Rumors of what the next generation iPhone and iPad models may look like have already been swirling and the latest one may suggest that Apple is ready to upgrade the storage capacity of its highest end models with a 128 GB edition of either the iPhone 5S and/or the iPad. According to the latest iOS 6.1 beta that is being seeded to developers right now, a 128 GB option was mentioned in the SystemPartitionPadding in the Build Manifest, indicating that Apple is exploring new storage options.
A screenshot posted on iDownload Blog shows that the 128 GB system partition is being tested by Apple for iOS 6.1 whereas iOS 6.0 did not have the 128 GB partition.
Is There a Market for 128 GB of Storage?
Today’s maximum storage capacity for iOS devices is presently 64 GB for the iPhone, iPod Touch, iPad, and iPad mini. A 128 GB model would double today’s storage limits and give more flexibility to power users, particularly those who carry a lot of content with them, such as photos, videos, movies, and music. As an aspiring photographer, a 128 GB capacity iPad or iPad mini would be an appealing option so that I can carry with me my photo portfolio.

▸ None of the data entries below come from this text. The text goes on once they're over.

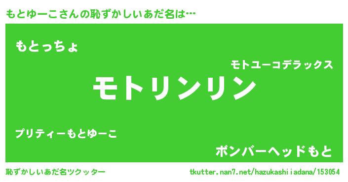 | 男性向けラノベタイトル風あだ名 | 『もとゆーこの嫁は女の子じゃないと思った?』 |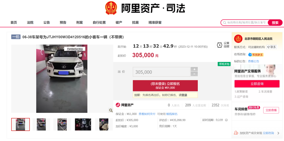 这辆车的评估价为435098.99元,起拍价305000元,保证金61000元,增价幅度为3000元。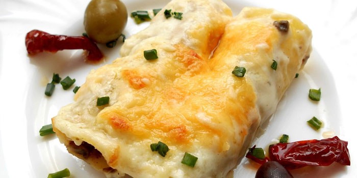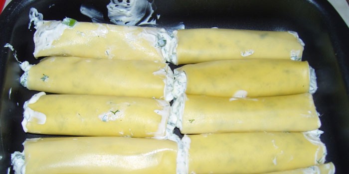 Це блюдо заслуговує особливої уваги, оскільки більше нагадує вишуканий десерт, ніж вечеря або обід. Запіканка з канеллони, заповнених ніжною, повітряної рікоттою, тертими пряними яблуками і подрібненими горіхами підкорить кожного. Якщо зробити ягідний соус, яким вона буде полита перед подачею, запіканка з макаронів солодка в духовці може позмагатися з будь-яким ресторанним стравою.

128 GB Rumors and Hints in the Past
However, this hasn’t been the first time that Apple has hinted at a 128 GB capacity model. In the past, build logs for the iPhone have hinted at such a model, but thus far Apple still has not released a model with such expansive storage. Given Apple’s additional $100 charge for doubling the storage of the prior model, a 128 GB iPhone 5S or iPhone 6 model, for example, may cost $500 with a two-year contract in the U.S. or up to $950 unlocked if Apple matches its current pricing scheme. Today’s pricing scheme for the iPhone 5 is as follows: the base 16 GB model costs $200 on-contract, a 32 GB model costs $300, and the 64 GB model costs $400.

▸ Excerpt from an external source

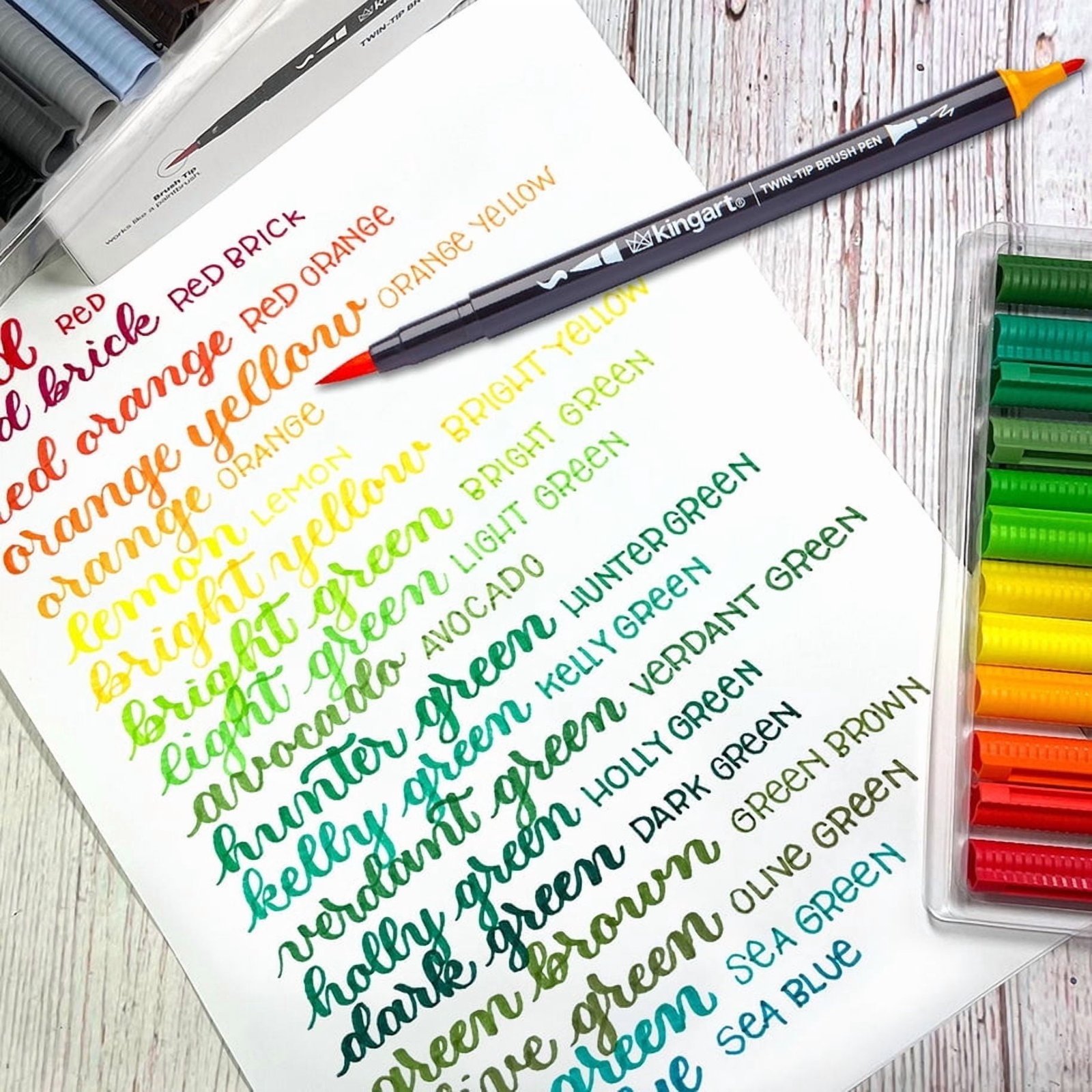 Creative, versatile, vibrant, and durable best describe KINGART® PRO Twin Tip Brush Pens. Create broad strokes, fine lines, and everything in between, simply by changing ends or brush pressure. Our pens are acid-free, non-toxic, and odorless. The caps are color-coded, air-tight, and anti-roll. The ink is water-based and blends easily. Use two or more markers to create unique shades and a colorless blender pen for watercolor effects. use these pens for any art project or inspired moment–and no messy cleanup! Great for Fine art, illustrations, doodling, journaling, hand lettering, calligraphy, and more. Ideal for fine art, brush lettering, faux calligraphy, illustrations, watercolor illustrations, journaling, and more!

Given the high retail cost of a 128 GB model, it’s unclear how many units of those Apple would be able to move. Additionally, the company has been exploring various cloud options to allow users to move away from on-board storage to cloud-based storage. Apple’s iCloud service is being heavily promoted by the iOS-maker and offers an alternative to fixed storage where users can access the same content from any device any where that has an Internet connection.
A Play to Match Samsung
And if Apple does decide to upgrade its storage capacities, it would theoretically be able to match Samsung’s theoretical maximum storage on mobile devices. The main difference between Apple and Samsung to date is that the former does not offer a memory card to augment storage capacity while the latter does. Samsung offers options up to a 64 GB maximum on its Galaxy S3 and Galaxy Note 2 devices, though that option isn’t available everywhere, and those devices come with a micro SD card slot that can accept a micro SDXC card up to 64 GB capacity, maxing out with 128 GB of storage total between fixed memory and memory card.
Still, both Apple and Samsung offer more robust choices than competing Windows Phone handsets. The flagship Windows Phone 8X by HTC is capped with a paltry 16 GB model and the base model starts with just 8 GB storage. Nokia’s flagship Lumia 920 only comes with 32 GB of storage. Lower end Windows Phone 8 hardware, ironically, comes with a bit more flexibility with a micro SD card slot.